O acervo literário de Nelson Lorena compreende cerca de quatrocentas crônicas sobre história, ciências, crítica, política, filosofia, religião e temas do cotidiano, escritas entre 1977 e 1990. A matéria de hoje foi publicada no Jornal “O Cachoeirense” Ano VII, edição nº.343, de 05 a 18 de março de 1984.




O VELHO E O MATUNGO

NELSON LORENA



Contaram-nos, certa ocasião, que um tal de Seu Afonso possuía várias cabeças de gado leiteiro  que ocupavam um pasto arrendado, a uma légua da cidade. Morava numa casa existente no terreno, com a esposa e seu fiel amigo vira-latas, um cão mestiço, de pai de uma raça e mãe, de outra. Geralmente feios e, por isso mesmo, expulsos de casa, são eles inteligentes, sabem se defender e disputar a vida, de maneira melhor que os cães criados domesticamente. Alguns são recolhidos por artistas de circo, que os ensinam a andar de pé, jogar bolas, saltar obstáculos, etc.. Tivemos ocasião de ver num circo que aqui esteve, um que calculava e respondia por latidos, as adições propostas pela assistência e, também, trazia entre os dentes as bandeiras de vários países, conforme lhe pediam.

O vira-latas do Seu Afonso, assim ficamos sabendo, gozava da amizade do dono. Ia todas as madrugadas ao pasto, na hora certa arrebanhava as rezes, trazia-as ao mangueiro, fechava as porteiras, fizesse frio ou calor, chuva ou qualquer tempo adverso. Era considerado o melhor amigo do dono. Um lamentável incidente veio dar um paradeiro em tão útil vida. Seu Afonso freqüentava as sessões da Maçonaria na cidade e, montado em seu alazão, para lá se dirigia. Sua mulher, na sua ausência recebia a visita do vizinho, dono do pasto arrendado, tido e havido como, talvez, o melhor amigo do marido.
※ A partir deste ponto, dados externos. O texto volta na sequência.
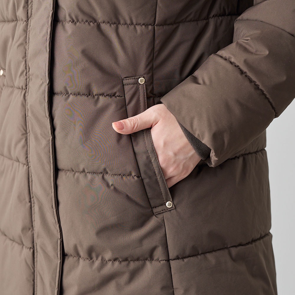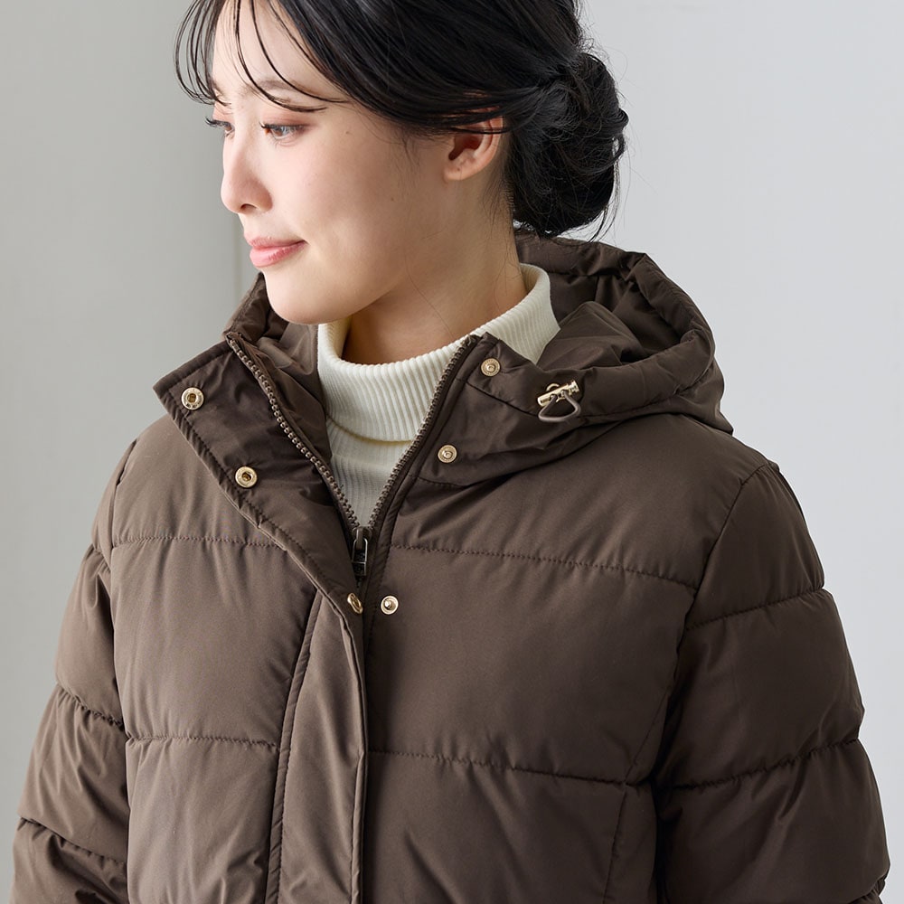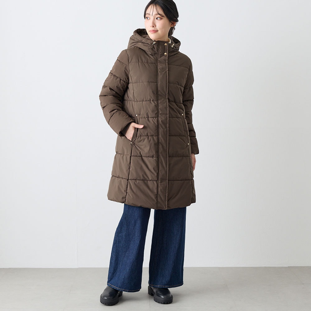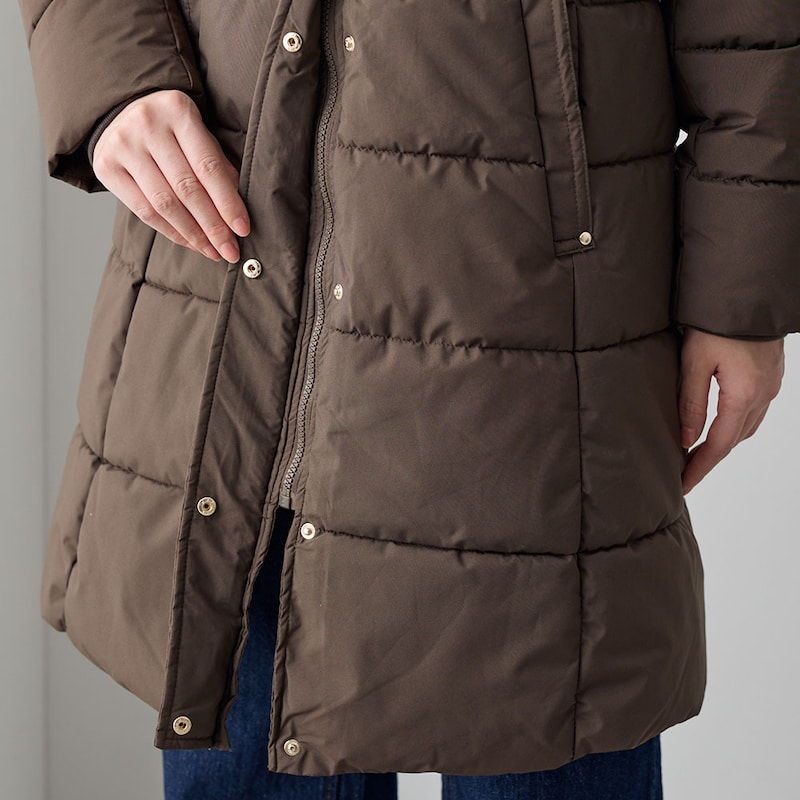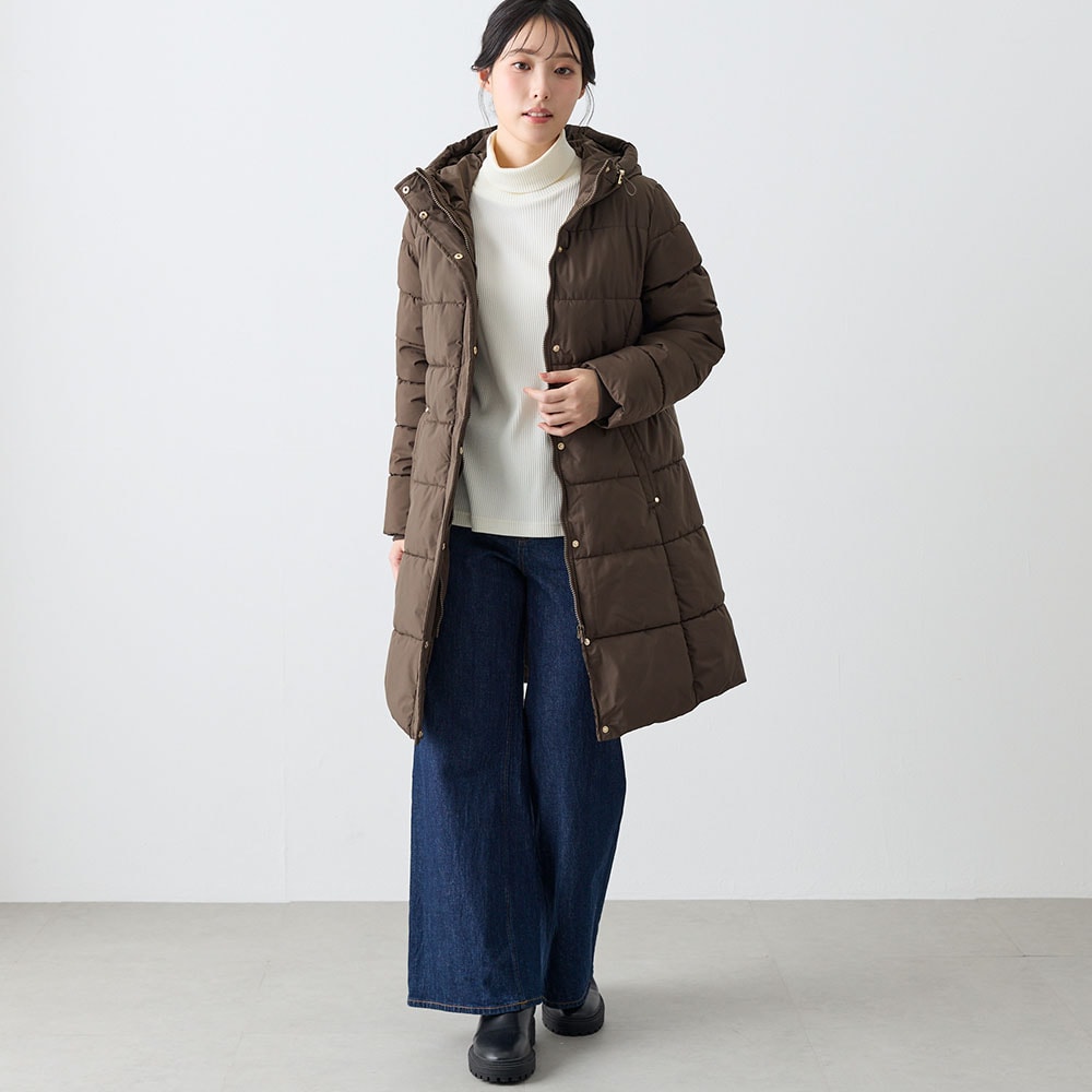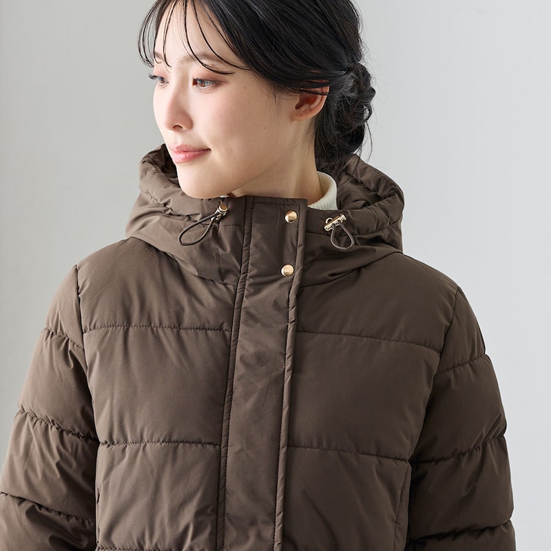 風の侵入を防いでくれる、フード付きロングコート

Se romance ou não, a maldade levou alguém a dizer ao Seu Afonso: “Tua mulher está te traindo com o teu melhor amigo”. “Tu juras o que estás me revelando?”, perguntou-lhe Seu Afonso. “Juro-te à Fé de Deus”, afirmou o delator.

Pois, creiam ou não, o português armou-se, foi ao mangueiro onde estava de vigia o seu melhor amigo, o vira-latas, e matou-o!  Num episódio tragicômico, findou-se uma vida inocente! Alguns portugueses possuem excentricidades mesmo, de pasmar. Hospedamos em nossa casa um amigo, recém chegado de Portugal. Nas vésperas de sua partida telefonou para o aeroporto perguntando: “Vossa Senhoria sabe a hora da partida do primeiro avião para o Brasil, domingo?” A resposta veio rápida: “Sei, sim senhor”, e desligaram o telefone. Voltando ao lar do Seu Afonso, onde a infâmia de uma calúnia lançara o desespero, encontramos seu filho já casado que retorna ao lar, sabedor que foi do incidente, assume a responsabilidade de ajuntamento das rezes, da ordenha e da distribuição do leite.
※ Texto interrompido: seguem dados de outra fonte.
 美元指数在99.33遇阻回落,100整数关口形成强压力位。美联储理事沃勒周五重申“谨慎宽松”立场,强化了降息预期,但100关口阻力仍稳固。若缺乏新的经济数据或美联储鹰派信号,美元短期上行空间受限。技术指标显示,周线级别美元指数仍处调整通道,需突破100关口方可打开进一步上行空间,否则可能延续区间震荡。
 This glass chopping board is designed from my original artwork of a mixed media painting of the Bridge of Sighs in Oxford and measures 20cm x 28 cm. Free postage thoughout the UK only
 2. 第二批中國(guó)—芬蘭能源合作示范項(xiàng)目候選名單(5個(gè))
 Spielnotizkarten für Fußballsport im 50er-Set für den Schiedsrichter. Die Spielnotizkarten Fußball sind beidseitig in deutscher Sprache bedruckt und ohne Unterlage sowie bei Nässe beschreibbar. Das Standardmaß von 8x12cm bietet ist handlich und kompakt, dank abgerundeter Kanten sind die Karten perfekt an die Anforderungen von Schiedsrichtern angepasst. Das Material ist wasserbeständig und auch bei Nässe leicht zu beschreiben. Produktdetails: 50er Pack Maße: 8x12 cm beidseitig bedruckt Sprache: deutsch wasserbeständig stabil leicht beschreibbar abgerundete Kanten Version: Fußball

Vinte e cinco anos se passaram. A casa encheu-se de netos e alguns bisnetos. Envelheceram, Seu Afonso e o alazão, este agora um matungo imprestável, inútil e já quase no “bico do corvo”.
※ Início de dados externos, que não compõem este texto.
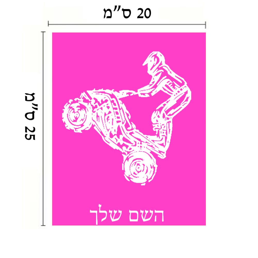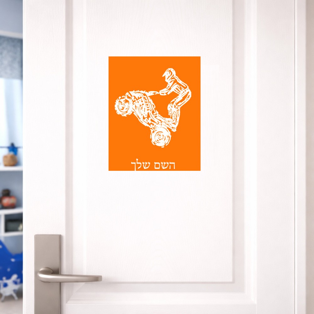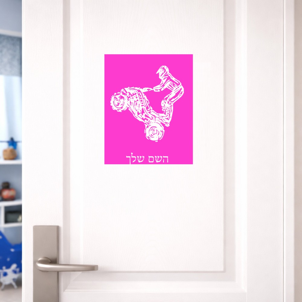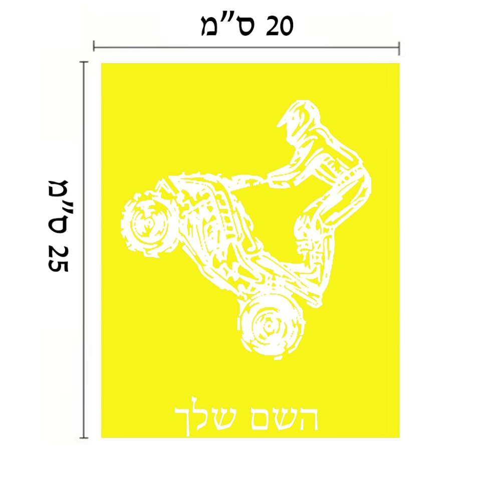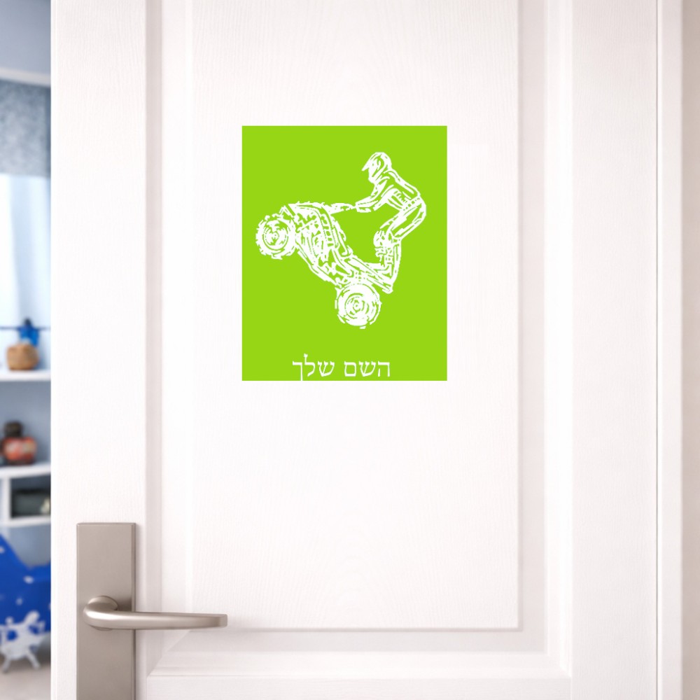 שלט אלומיניום גדול לחדר בעיצוב אישי עם השם שלך בעיצוב רוכב טרקטורונים גודל השלט 20 × 25 ס"מ. את השם המבוקש ניתן לציין בהזמנה, אם לא צויין אנחנו ניצור קשר לבירור.

Como acontece geralmente aos velhos, em sua condição secundária, inadaptado aos hábitos licenciosos do mundo moderno, tornara-se um “quadrado”, arcaico, ultrapassado, desprezado, sem direito a alguma opinião, marginalizado para sempre, assistindo a penetrabilidade do pudor pela indignidade que macula, quando não anula, o caráter. Olha o seu Matungo, relembra como o cavalgava nas idas à cidade, nas voltas pelo pasto, e lamenta-o sem forças, nem ao menos para afugentar as moscas e insetos importunos que o fustigam... Guardadas as devidas distâncias quanto à inteligência, há certos fatos na vida do homem e dos animais que se assemelham. Não podemos penetrar nos sentimentos deles, mas os nossos sentimentos bem o sabem quando num silêncio indisfarçável vemos a censura por um café derramado pelas nossas mãos trêmulas ou quando nossos passos vacilantes derrubam uma cadeira...

O Matungo e o Velho se confundem no final. Lutaram sofreram construíram e, por fim, a solidão e o abandono foram o seu salário.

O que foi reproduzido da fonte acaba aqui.